Department of Neurosurgery, Illinois Neurological Institute, University of Illinois College of Medicine at Peoria, 530 NE Glen Oak Ave, Peoria, IL 61637, USA.
J Neurooncol. 2011 Dec;105(3):555-62. doi: 10.1007/s11060-011-0617-2. Epub 2011 Jun 4.

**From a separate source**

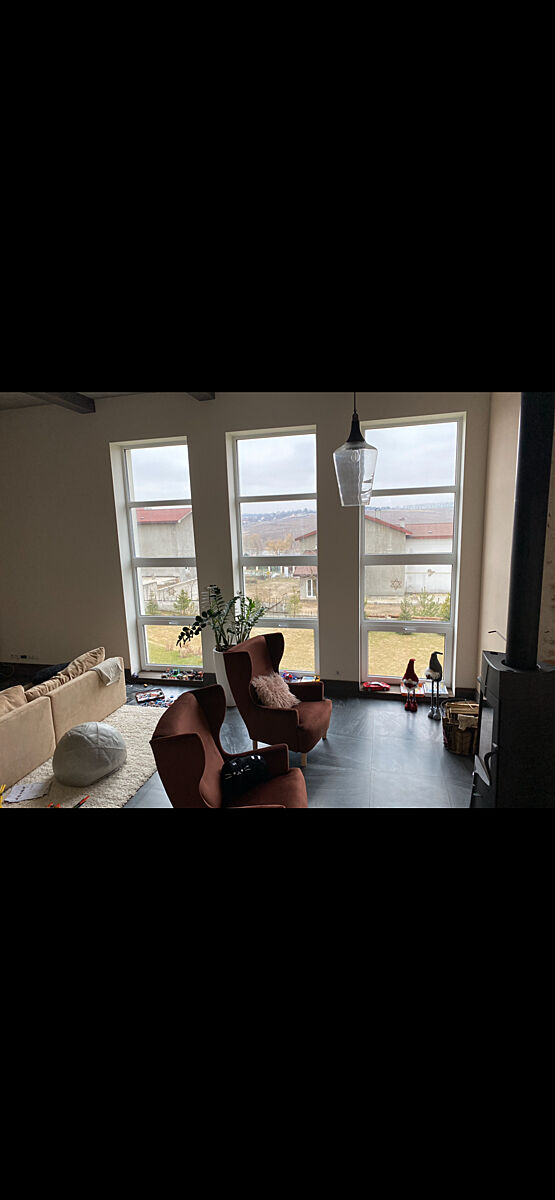 Тут ще без штор і меблів під ТВ, немає фото як зараз. але плитку видно

Primary cerebellar glioblastoma (CGB) comprises only 0.4-3.4% of all intracranial glioblastoma. The impact of surgical resection on survival and the efficacy of adjuvant therapies are uncertain as CGB is underrepresented in most studies. To elucidate prognostic factors we performed a single-institutional review of the largest series to date of CGB. The University of Texas MD Anderson Cancer Center database was reviewed from 1990 to 2010. Twenty-one consecutive patients met criteria for inclusion. The Kaplan-Meier product limit method was used to estimate overall survival (OS) and progression-free survival (PFS); groups were compared using the log-rank statistic. The multivariate Cox proportional hazards models were fitted to examine the association of resection with OS and PFS adjusted for other clinical variables. The median age was 39.9 years, and Karnofsky performance status (KPS) was ≥ 80 in 61.5% of patients. The mean extent of resection for contrast enhancement (EOR-CE) was 93.8% (SD = 10.4%; median = 100%), and the median follow-up was 18.4 months (range 1.5-116.1 months). There was no significant association of EOR with OS or PFS. On univariate analysis the presence of leptomeningeal disease (LMD) was associated with a worse OS (6.1 vs. 24.1 months; P = 0.0001) and PFS (3.3 vs. 9 months; P = 0.019). Patients who had adjuvant chemotherapy (CT) had extended PFS (10.1 vs. 2.8 months; P < 0.0001). Adjustment for the presence of leptomeningeal disease (LMD) tended toward an increased risk of progression (HR = 3.46; 95% confidence interval [CI], 0.83-14.5; P = 0.09) and was associated with a significantly increased risk of death (HR = 15.2; 95% CI, 1.3-180; P = 0.03). Having received adjuvant chemotherapy was associated with a decreased risk of progression (HR = 0.02; 95% CI, 0-0.26; P = 0.003). The presence of LMD is a critical factor in the clinical behavior of CGB resulting in markedly decreased OS and PFS. Adjuvant CT resulted in increased PFS but did not significantly affect OS. This was due to a lack of a sizable cohort who did not receive chemotherapy. Furthermore, three of the CT-naïve patients received CT at first progression. In the context of the high EOR in this study, an OS of 18.4 months was achieved.
原发性小脑脑胶质瘤(CGB)仅占所有颅内脑胶质瘤的 0.4-3.4%。由于 CGB 在大多数研究中的代表性不足,因此手术切除对生存和辅助治疗效果的影响尚不确定。为了阐明预后因素,我们对迄今为止 CGB 最大系列的单机构进行了回顾。从 1990 年到 2010 年,对德克萨斯大学 MD 安德森癌症中心的数据库进行了审查。连续 21 例患者符合纳入标准。使用 Kaplan-Meier 乘积限法估计总生存率(OS)和无进展生存率(PFS);使用对数秩统计比较组。使用多变量 Cox 比例风险模型检查切除与 OS 和 PFS 的关联,调整其他临床变量。中位年龄为 39.9 岁,61.5%的患者 Karnofsky 表现状态(KPS)≥80。对比增强(EOR-CE)的平均切除程度为 93.8%(SD=10.4%;中位数=100%),中位随访时间为 18.4 个月(范围 1.5-116.1 个月)。EOR 与 OS 或 PFS 无显著相关性。单因素分析显示,软脑膜疾病(LMD)的存在与较差的 OS(6.1 与 24.1 个月;P=0.0001)和 PFS(3.3 与 9 个月;P=0.019)相关。接受辅助化疗(CT)的患者 PFS 延长(10.1 与 2.8 个月;P<0.0001)。调整软脑膜疾病(LMD)的存在倾向于增加进展的风险(HR=3.46;95%置信区间[CI],0.83-14.5;P=0.09),并与死亡风险显著增加相关(HR=15.2;95%CI,1.3-180;P=0.03)。接受辅助化疗与进展风险降低相关(HR=0.02;95%CI,0-0.26;P=0.003)。LMD 的存在是 CGB 临床行为的关键因素,导致 OS 和 PFS 明显降低。辅助 CT 导致 PFS 增加,但对 OS 没有显著影响。这是由于没有足够数量的未接受化疗的患者。此外,三名未接受 CT 的患者在首次进展时接受了 CT。在这项研究中高 EOR 的背景下,实现了 18.4 个月的 OS。